The museum recently celebrated the opening of its new space next to the new Visual and Performing Arts Center on campus.

Art Museum of Los Gatos
4 Tait Ave., Los Gatos; Wed–Sun, noon–4pm; free; 408.395.7375. Inside the 1920s firehouse, the museum hosts juried shows and group exhibits.

Triton Museum of Art
1505 Warburton Ave., Santa Clara; Tue–Wed, 11am–5pm, Thu, 11am–9pm, Fri–Sun, 11am–5pm; free; 408.247.3754.

The museum generally hosts three shows at a time, with an emphasis on contemporary Bay Area artists.

Anno Domini
366 S. First St., San Jose; Tue–Fri, noon–7pm, Saturday, noon–5pm; free; 408.271.5155.

Talk about cutting edge. If there is a Brazilian graffiti star in the making, chances are he'll get his first U.S. exposure at this vibrant downtown gallery. The shows change frequently, and Anno Domini is the bedrock of South First Fridays, when it offers lively receptions, often with live music.

510 S. First St., San Jose; Wed–Thu, noon–7pm, Friday–Saturday, noon–5pm; free; 408. 998.ARTE.

The concentration is on Bay Area Latino artists, with rotating shows and the annual Latino Art Auction.

Mohr Gallery
Community School of Music and Arts, 230 San Antonio Circle, Mountain View; Mon–Fri, 9am–7pm, Sat, 9am–3pm; 650.917.6800.

The shows by local contemporary artists are often accompanied by free lectures. Shows change every six weeks approximately.

Palo Alto Art Center
1313 Newell Road, Palo Alto; Tue–Sat, 10am–5pm, Sun, 1–5pm, till 10pm Tue–Thu; free; 650.329.2366.

The center has three galleries (one is large and dramatically lit; the other two are pocket-sized). Past shows have ranged from Japanese prints to retrospectives by major Bay Area figures like Nathan Oliviera.

San Jose Institute of Contemporary Art
560 S. First St., San Jose; Tue–Fri, 10am–5pm, Sat, noon–5pm; free; 408.283.8155.

Metro's neighbor rotates provocative one-person and group shows and installation through two galleries, plus a video-screening room.
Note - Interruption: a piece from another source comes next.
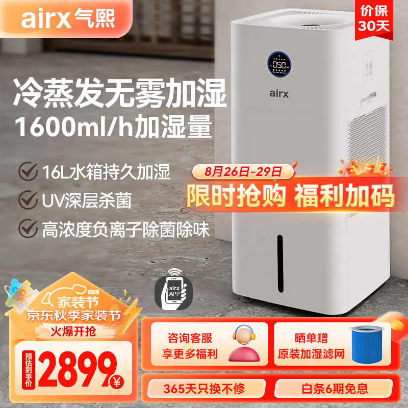 airx气熙 高端无雾加湿器卧室家用办公室桌面 婴儿低噪 16L大容量 上加水 智能恒湿1600ml/h加湿量H16价格:3099.00元!

The group exhibits often come with intriguing themes like the current exploration of rejection called "It's Not Us, It's You."

WORKS/San Jose
451 S. First St, San Jose; Tue–Fri, noon–4pm; free;

The community-based, artist-run space keeps eccentric hours, with occasional exhibits and evening music shows. 

History San Jose
History Park, 1605 Senter Road, San Jose; Tue–Sun, 11am–5pm; free; 408.287.2290.
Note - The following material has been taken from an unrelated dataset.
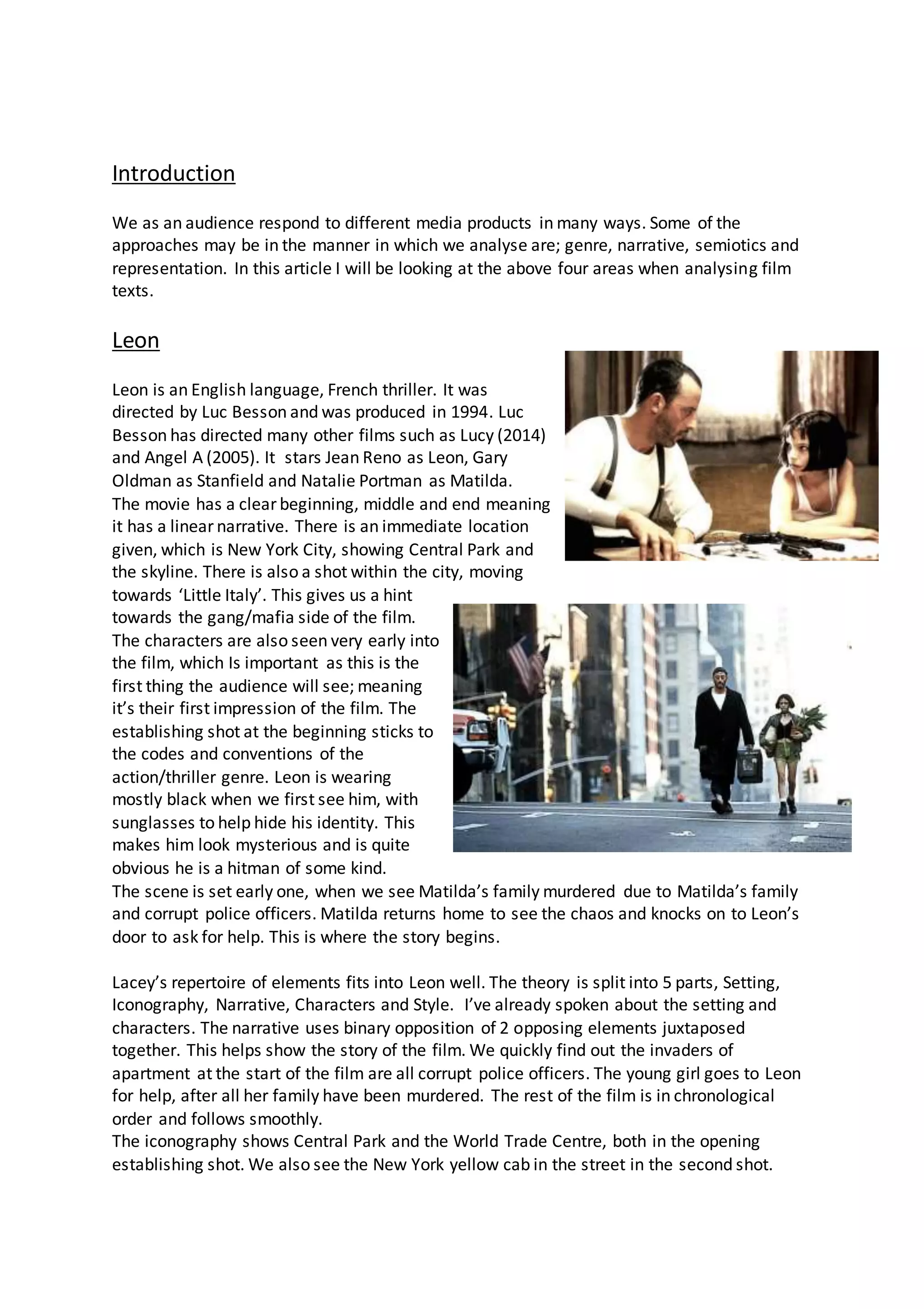 This document provides an analysis of the film Leon using concepts from film theory, including genre, narrative, semiotics, and representation. It analyzes how the film fits genres such as thriller/action and establishes characters, settings, and plot elements quickly. It discusses the film's narrative structure and use of symbols. Additional films like Pulp Fiction and Lord of the Rings are briefly analyzed using similar concepts. The document also explores how postmodernism and changes in production technology have impacted parody and pastiche in films.

The complex of historical buildings includes the McKay Gallery and Pacific Hotel Gallery, which hosts exhibits focusing on local artists past and present.

Art Walks South First Fridays
The downtown SoFA district goes all evening with receptions and happenings.

Second Saturdays Redwood City
Several galleries and the Redwood City Art Center participate the second Saturday of the month (April to October) from 7 to 9pm.

First Fridays Palo Alto
Many of the galleries stay open from 6 to 9pm for visitors. Some spots, like the Pacific Art League, host special programs with participating artists.